My name is Bill. I am 55 years old, married 22 years, with a 13-year-old son.

I was diagnosed with AA in late Nov 2006, after a few months of tests and transfusions.

In July of 2006, I was starting my training for the 2006 NYC marathon (I had walked the 2004 and 2005 marathons), and was feeling very strange. At the end of a 6-mile walk, I felt "empty". For several months prior, I had noticed the petechia on my ankles but thought they were just "age".

By August, I could barely walk and finally concluded that I had more than a temporary virus. I saw my doctor, who did a CBC. Later that day he called me and said "Are you sitting down?" He then told me my counts were all down. Hemoglobin 5.8, WBC 2 something, and platelets 8k. I was scheduled for a RB transfusion the next day (my PCP screwed up and did not order a platelet transfusion for a few days after).

The nurses in the transfusion were all amazed that I was still able to walk!

The first hematologist I saw did a pretty good job of ruling out other diseases, but it wasn't until he left and I got a new referral that I found a hematologist who knew what to do. The day after I saw him, I had a BMB done, and the results were a toss-up between AA and myelofibrosis. Since they had discovered I had Hashimoto's thyroiditis (another autoimmune disease) during the testing, the new doc tried treating me for the myelofibrosis using Prednisone, which I tolerated well. After 5 weeks, he did another BMB, and it was at that time he was able to conclude it was AA, because my cellularity had declined into the VSAA range.

I was admitted within days and had ATG and Cyclosporin, along with continuing Prednisone and taking daily Neupogen shots. I was lucky not to have any significant issues with the drugs, but since I was needing transfusions almost daily, especially platelets (one day the daily CBC actually showed *zero* platelet count!), the doc kept me in the hospital until my transfusion needs were less than twice a week.

On Christmas Eve, 18 days into the stay, I developed tachycardia from a life-long problem of atrial flutter. My heart rate was 150/minute all the time, and my cardiologist had me on Diltiazem to lower the rate. The problem with Diltiazem is that it interacts with Cyclo, and my doctor and I are convinced that it interfered with the AA treatment.

I finally got out of the hospital 2 days before the new year.

The treatment was pretty successful for a while. My platelets stabilized and the only time I have needed platelets since the treatment has been for BMB or other procedures. My WBC have been slightly lower than normal much of the time, and I stopped getting red blood in March 2007. My counts climbed up to a high of 12.7 Hgb, 49K platelets, and normal WBC by May of 2007.

I had a BMB 3 months after the treatment, and my cellularity had improved from basically nil to as much as 80%! We started the cyclo taper at that time, and now we think that, along with the diltiazem issue, the treatment relapsed.

In June of 2007, my counts started a slow decline. By September, I needed another RB transfusion, and have needed 2 units every 2 months since. My platelets hover between 20-29K, but I have had no problems with them at that level (as long as I don't get cut!)

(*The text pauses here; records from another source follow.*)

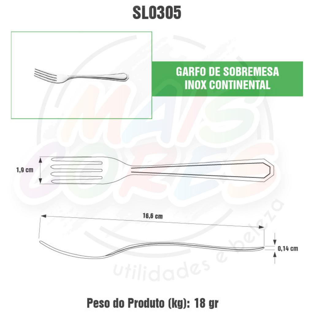 Faqueiro em aco inox Sobremesa com 36 pecas Talheres elegantes com designe moderno, enriquece a mesa posta. Ideal para variados Momentos. Kit Talheres Ficha tecnica kit faqueiro: 12 Colheres de Sobremesa (3,8x16,5cm) Espessura do cabo 1,4mm, peso por peca 0,031Kg. 12 Garfos de Sobremesa (1,9x16,6cm) Espessura do cabo 1,4mm, peso por peca 0,018Kg. 12 Facas de Sobremesa (1,7x18,3cm) Espessura do cabo 2,0mm, peso por peca 0,027Kg. Marca : Original Line Modelo: Linha Continental Produto com Nota Fiscal a pronta entrega. Aguardamos sua compra!! Mais Cores Variedades, entregando o melhor para sua casa!
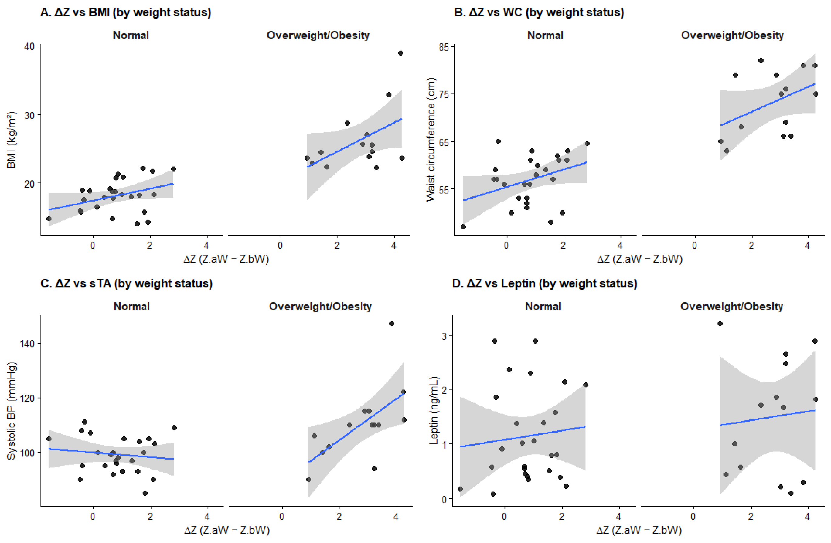 | WHtR | Slope of ΔZ (Normal) | −0.002 | 0.008 | 0.844 |
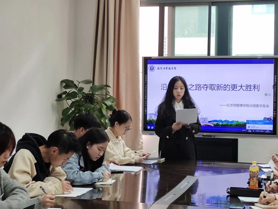分团委书记张莉老师带领学生会学生骨干学习了习近平总书记2022年全国两会重要讲话精神。
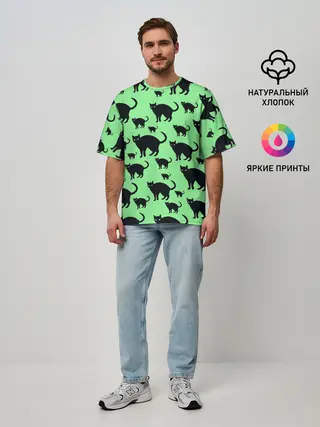 Мужская футболка оверсайз / Кошки черные
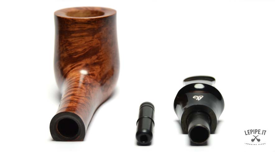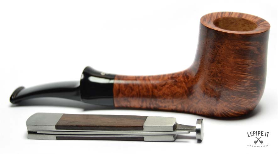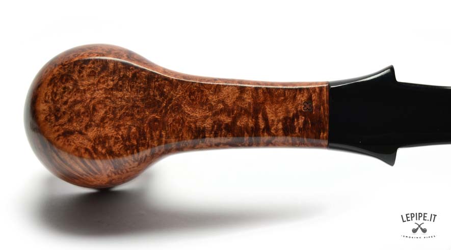 The L. Viprati Quadrifoglio 1 features a Poker Stand-Up shape that combines stability and clean lines, offering both practicality and visual appeal. It’s a pipe that rests naturally on any surface, designed to accompany moments of pause with simplicity and elegance. The bowl, turned from high-quality flame grain briar, displays a smooth, polished finish that highlights the wood’s natural grain, with warm tones ranging from honey to chestnut. The slightly bent black acrylic stem fits seamlessly into the shank, completing a compact and harmonious structure. It comes with a 9 mm filter chamber, perfect for those who enjoy a dry, fresh, and balanced smoke. Essential in form yet rich in personality, it’s ideal for those who appreciate simplicity paired with fine craftsmanship.
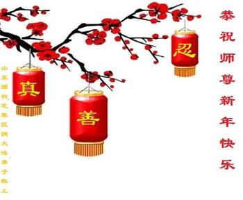 恭祝: 师父新年好! 谢谢师父 师父辛苦了 以感恩的心盼师父早日回国 合十 山东淄博三大法弟子恭祝慈悲伟大的师尊过年好!
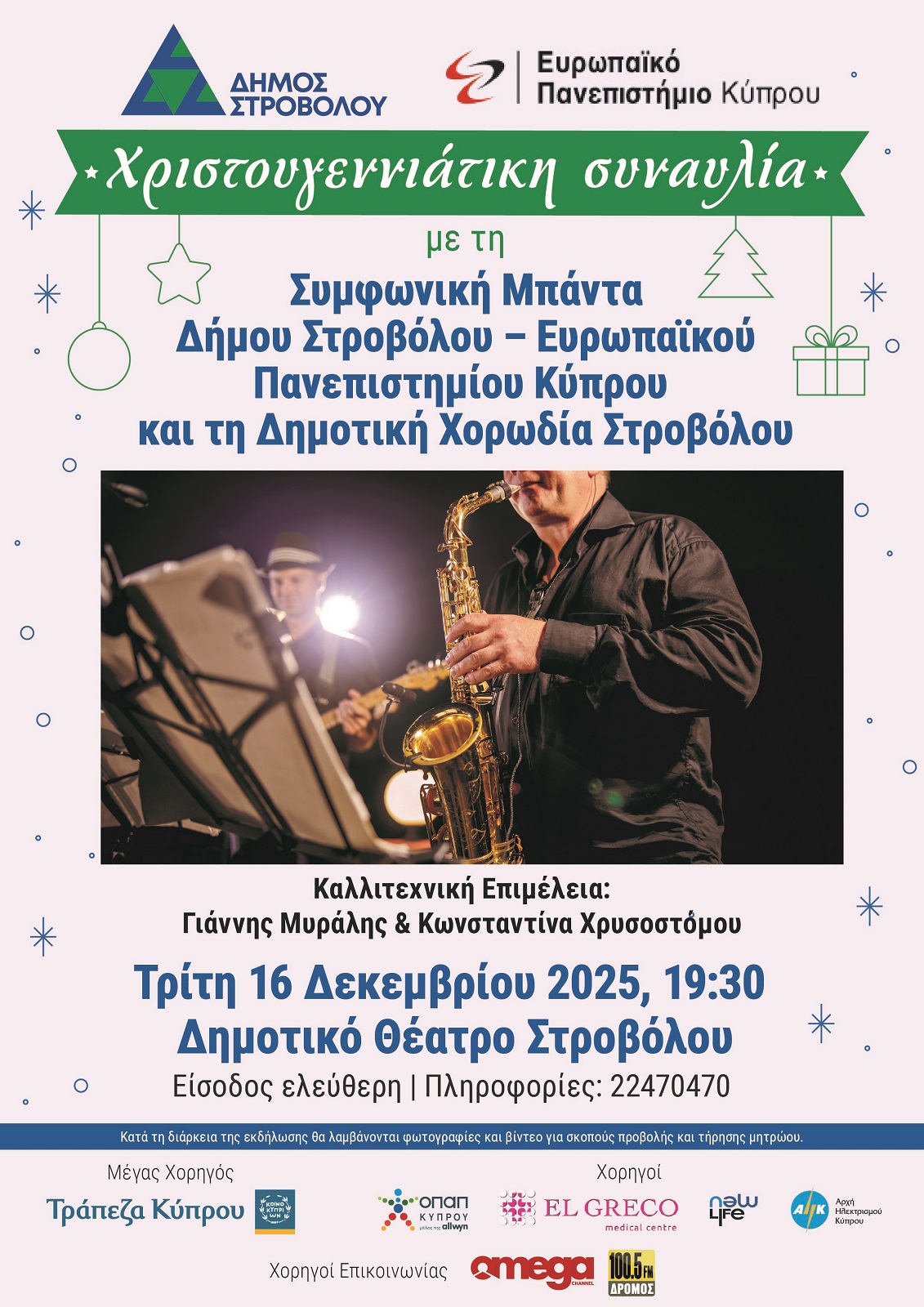 | Χριστουγεννιάτικη συναυλία με τη Συμφωνική Μπάντα Δήμου Στροβόλου – Ευρωπαϊκού Πανεπιστημίου Κύπρου και τη Δημοτική Χορωδία Στροβόλου την Τρίτη 16 Δεκεμβρίου στις 19:30 στο Δημοτικό Θέατρο. Δελτίο Τύπου. Αφίσα. |
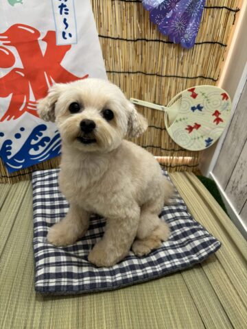トリミングランちゃんまたカットに来てくれました💖短くなってスッキリしました👌今日はカットに来てくれました💕カメラ目線でバッチリです✨暑い中来ていただきありがとうございました。またのお越しお待ちしております。

In August of 2007, I was blessed to find a cardiologist who did something besides throw drugs at my atrial flutter. He was an electrophysiologist, and after one visit and an ECG, I was scheduled for a cardiac ablation. Fantastic! Since the procedure, my heart has not "gone disco" on me since. No more heart meds to interfere with the AA.

Today, I am looking at the next treatment to do, as my latest BMB showed a reduction to 10% cellularity.

It's been quite a journey. Reading about others' experiences with this disease makes me realize just how fortunate I have been.

I am scheduled to see Dr Paquette at UCLA later this month for a consult and possible clinical trial with Sirolimus. My hematologist thinks that I have the luxury of time to try a less toxic approach to treatment before undergoing a second round of ATG. I'm going to post on the AA forum about others' experiences with Sirolimus.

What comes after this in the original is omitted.